As rendas em atraso nos bairros sociais atingiram os 48 milhões de euros num universo que conta com mais de 80 mil famílias, segundo a edição impressa do Jornal de Notícias.

A área metropolitana de Lisboa é a zona do país que regista maior incidência de incumprimentos. Apesar de ser na capital que a renda média é mais elevada, o valor médio das rendas não é muito diferente na maior parte dos concelhos. Ao todo, nos 13 concelhos que compõem a Grande Lisboa, a dívida ascende aos 25,7 milhões.

O concelho de Loures é o concelho com maior taxa de incumprimento, a rondar os 40,5%, com uma dívida a rondar os 10,6 milhões de euros. Segue-se Lisboa e Oeiras, com taxas de incumprimentos de 12,7% e 23% e dívidas de 6 milhões de euros e 3,2 milhões de euros, respetivamente.

Os valores médios das rendas são, quase todos, abaixo dos 60 euros, com as exceções de Lisboa (82,25 euros), Vila do Conde (71,53 euros), Matosinhos (61,36 euros) e Oliveira de Azeméis (60,94). No Porto a renda fica pelos 56,05 euros.
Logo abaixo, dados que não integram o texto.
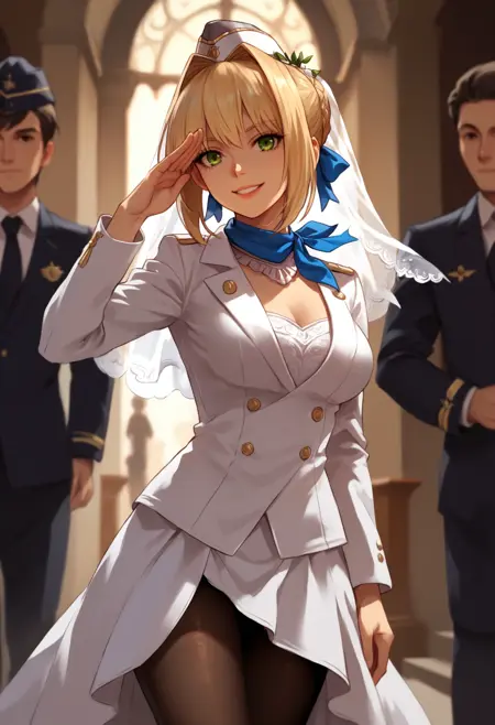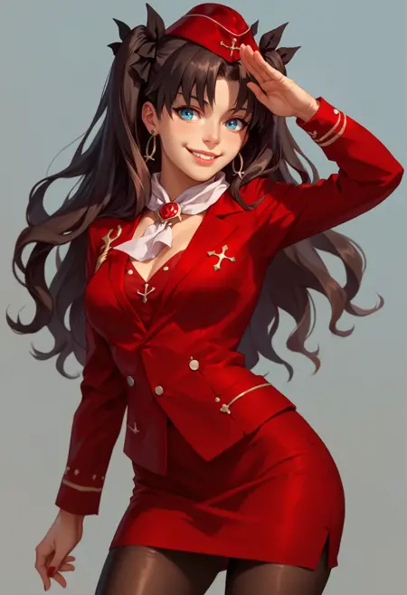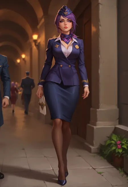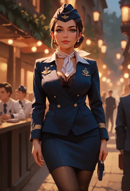 st3w4rd3ss, 青いジャケット、フォーマル、青いスカーフ、白いシャツ、ガーリソン帽、鉛筆スカート、黒いパンティーストッキング、ハイヒール、白い手袋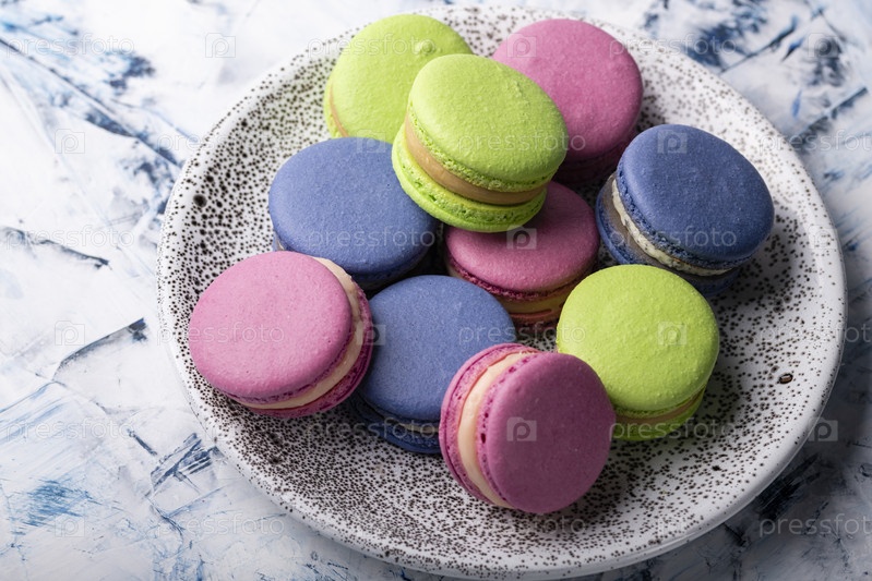 Тарелка с разноцветными миндальными печеньями крупным планом сверху. плоская планировка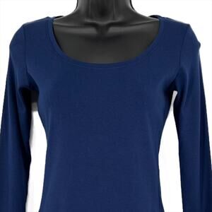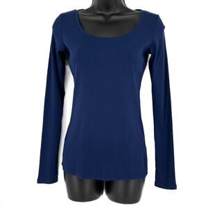 Cuyana Long Sleeve Open Neck Tee in Navy Blue Size X-Small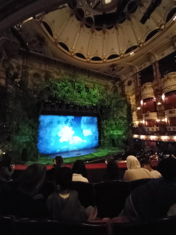 公演が開催されているコロシアム劇場は、大きくはないのですが、外観も内部もとてもりっぱです。これまでにも何回かロンドンでミュージカルや舞台を観ているのですが、どこの劇場も作りがとても重厚で、舞台の左右にはボックス席もあり、贅をつくしたような内装にはいつも感心してしまいます。大英帝国時代に建てられたのでしょうか。シェークスピアを始めとして、昔から舞台演劇が盛んで、それが伝統として現在でも続いているのを感じさせられます。演劇と共に、劇場内でも観客が楽しめるように、休憩時間にはアルコール類を売るバーまであります。客席は満席、意外にも日本人はそれほど多くなく、イギリス人以外はロンドンに観光できている海外の家族連れを多く見かけまっした。何年か前にやはりロンドンで観た、「海辺のカフカ」の舞台の観客は80%位は日本人だった記憶があります。今回の舞台はジブリのアニメ映画がいかに広く海外で愛されているのがわかります。今回の舞台は日本語のため、舞台の上部と左右に英語の字幕が出ますが、映画を見ている子供たちには多分ストーリーがわかっているので字幕は必要がないのでしょう。

No entanto, é também na grande Lisboa que estão as rendas médias mais baixas: Barreiro (16 euros) e Almada (23,45 euros). As populações destas áreas têm, no entanto, um nível de fragilidade económica mais acentuado.

Em Loures, 1.235 dos 2.633 inquilinos são devedores. Com uma renda média de 46,54 euros, a câmara fechou o ano de 2017 com 40,49% dos seus inquilinos em incumprimento. Apesar de tudo houve uma melhoria de 2% em relação ao ano de 2016.

De forma a recuperar o dinheiro, as câmaras procuraram celebrar acordos de regularização com as 5.500 famílias que subscreveram o acordo. Porém, 2507 dessas famílias voltaram a cair em incumprimento.

Em declarações ao JN a câmara de Lisboa afirmou que “os dados recentes apresentam uma descida do número de famílias em incumprimento, especialmente em comparação com os anos de maior impacto da crise económica”. Sublinha ainda que muitas das pessoas com dívidas recorrem ao subsídio de Natal para “liquidar as rendas em atraso”.